Но все же работа здесь довольно легкая. Поезда чаще всего приходят ночью. Нам нужно проводить какое-то время в гараже и поддерживать машины в порядке. Но у нас остается достаточно возможностей исследовать днем Париж. Мы с Гарри осматриваем достопримечательности, за полцены смотрим кино в Гомоне. Мы прочесываем французские книжные магазины с такой же радостью, с какой ты делала это в Лондоне. Усевшись в нашем любимом кафе, мы упорно работаем над оригиналами Дюма и Буссенара в попытках освежить наш французский, который мы после школы забросили
Еще не совсем Рождество, но я отправлю тебе подарки. Жаль, что я не могу лично их тебе вручить. Ты не могла бы кое-что для меня сделать? Как только наступит Рождество, прямо в полночь, выйди на улицу и подними лицо к луне. Почувствуй на своих губах снежинки и представь, что это мой поцелуй. Я выйду на улицу в то же время. Обещаю. Не важно, буду ли я все еще в Париже или еще в каком-то уголке Франции, я закрою глаза и представлю себе то же самое. Возможно, у нас получится побыть вместе, хоть и всего лишь на мгновение. Если в такую ночь могло случиться чудо, подобное рождению нашего Господа, то что может помешать нашим душам встретиться?
С любовью,
Дэйви
Эдинбург
Самый канун Рождества, предрассветные часы, 1915
Любовь моя,
вот-вот наступит Рождество, и уже нашим ребятам «в уютных и теплых кроватках снится сахарный снег и луна-мармеладка», а я единственная, кто не спит и дожидается Святого Николаса.
Мы с Крисси засиделись допоздна и выпили многовато глинтвейна. Это был первый раз, когда мы смогли спокойно посидеть и поговорить о последних шести годах, чтобы вокруг нас не бегали кругами дети. Но мне рассказывать было особенно не о чем. Если забыть о бегстве от мужа в погоне за американцем, последние шесть лет я занималась только домашним хозяйством и поэзией. Я обронила твое имя — всего лишь раз — но выражение моего лица, должно быть, заставило ее поцеловать меня в лоб и уйти спать, не задавая больше вопросов.
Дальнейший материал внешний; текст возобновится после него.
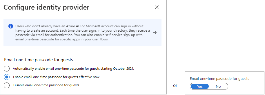 | Azure AD supports external identity providers like Facebook, Microsoft accounts, Google, or enterprise identity providers. You can set up federation with identity providers so your external users can sign in with their existing social or enterprise accounts instead of creating a new account just for your application. Learn more about identity providers for External Identities. Azure AD는 Facebook, Microsoft 계정, Google 또는 엔터프라이즈 ID 공급자와 같은 외부 ID 공급자를 지원합니다. 외부 사용자가 애플리케이션용으로 새 계정을 만드는 대신 기존 소셜 또는 엔터프라이즈 계정으로 로그인할 수 있도록 ID 공급자와의 페더레이션을 설정할 수 있습니다. 외부 ID용 ID 제공자에 대해 자세히 알아보세요 . |
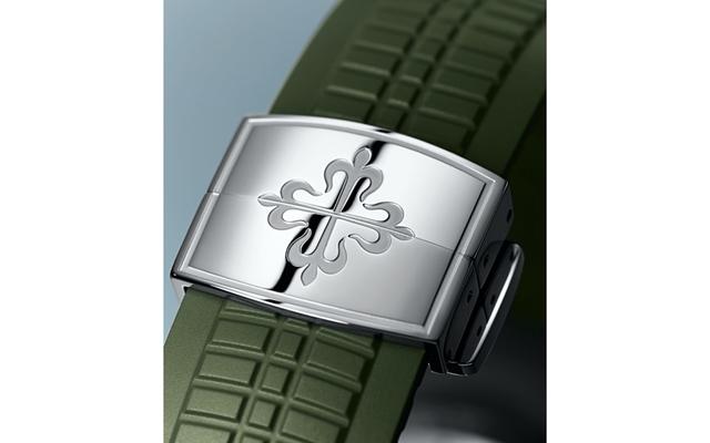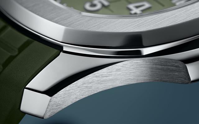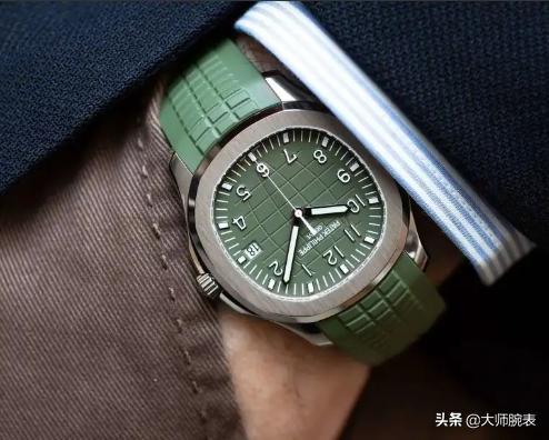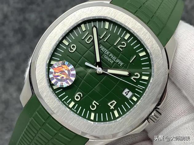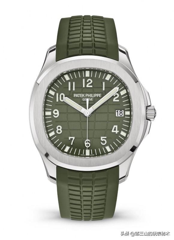 Jumbo这个名称原本是对初代Nautilus 3700的昵称,在一般的认知中,Aquanaut算是Nautilus的平价版,但由于5168G采用了跟3700相同的42mm表径,因此PP官方同样也沿用Jumbo来称呼它。而这款5168有不少地方都是在针对系列作为Nautilus平价版的这点再往上升级的,沿用Jumbo的名字是一例,过去仿佛是专属于Nautilus的蓝色面盘也已经被用在Aquanaut上了,更何况2019年的绿面,这根本就是连金鹰都还没到过的新境界。

Я налила себе еще одну кружку глинтвейна и стала смотреть сквозь открытую дверь, как она забирается в постель, которую после смерти Аластера бессменно занимала одна. Я знала: даже если я расскажу ей о тебе, она не поймет. До конца своей жизни она останется верной Аластеру. Так что я вернулась в гостиную со свечой, блокнотом, вином и своими тайнами.
Я отворила окно и свесила ноги наружу, а потом открыла твой подарок. О... пузырек настоящих французских духов! Подходящий подарок от сгорающего в Париже от любви юноши. И, о, Дэйви, ожерелье просто потрясающе! Жемчужина так же совершенна, как капелька лунного света. Спасибо.
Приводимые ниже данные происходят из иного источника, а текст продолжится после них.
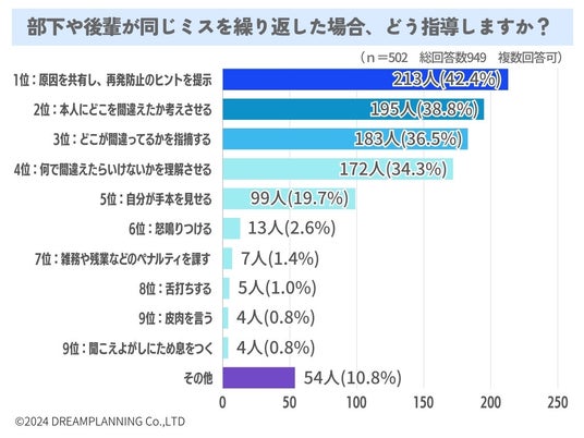 部下や後輩が同じミスを繰り返した場合、どう指導しますか? n=502 回答949 複数回答可

Каминные часы — они на две минуты спешат — звонят полночь, так что я высовываюсь за окно. Ты чувствуешь, любовь моя? Это не снежинка опустилась на твою щеку — это мои губы ласкают тебя. Не ветер свистит в ушах — это мой голос шепчет: «Я люблю тебя». Ты ощутил мягкий янтарный аромат Ambre Antique в воздухе? Это была я.
Знаю, что дети проснутся рано и ринутся в кухню, чтобы посмотреть, приходил ли Святой Николас, поэтому я пойду спать, хоть и была бы рада остаться здесь с тобой и этим письмом. Между нами могут быть многие мили, но хоть на какой-то залитый лунным светом миг мы были рядом.
Самого счастливого Рождества тебе, мой Дэйви.
Элспет
Париж, Франция
1 января 1916
Моя самая дорогая Сью,
я с таким нетерпением ждал твоего письма! Думаю, я забыл, что праздники могли задержать почту. Понимание этого не успокаивает моей нетерпеливости, но, по крайней мере, я знаю: письма не было так долго лишь потому, что ты дожидалась Рождества, а не из-за какого-нибудь другого американского ковбоя.
Прекрасные наручные часы! Ты запомнила, что я хотел такие, чтобы заменить карманные. С ними будет гораздо удобнее. Я держу свои во внутреннем кармане пиджака, и их не очень легко доставать каждый раз, когда мне нужно узнать время (что случается достаточно часто).
Твои письмо и подарок стали единственным светлым пятном на этой темной и мрачной неделе. И это не из-за погоды; боюсь, темным и мрачным было мое настроение. Я и так был достаточно подавлен тем, что провожу Рождество далеко от семьи (да, я скучал даже по маминому кексу!), а тут еще Гарри получил приказ.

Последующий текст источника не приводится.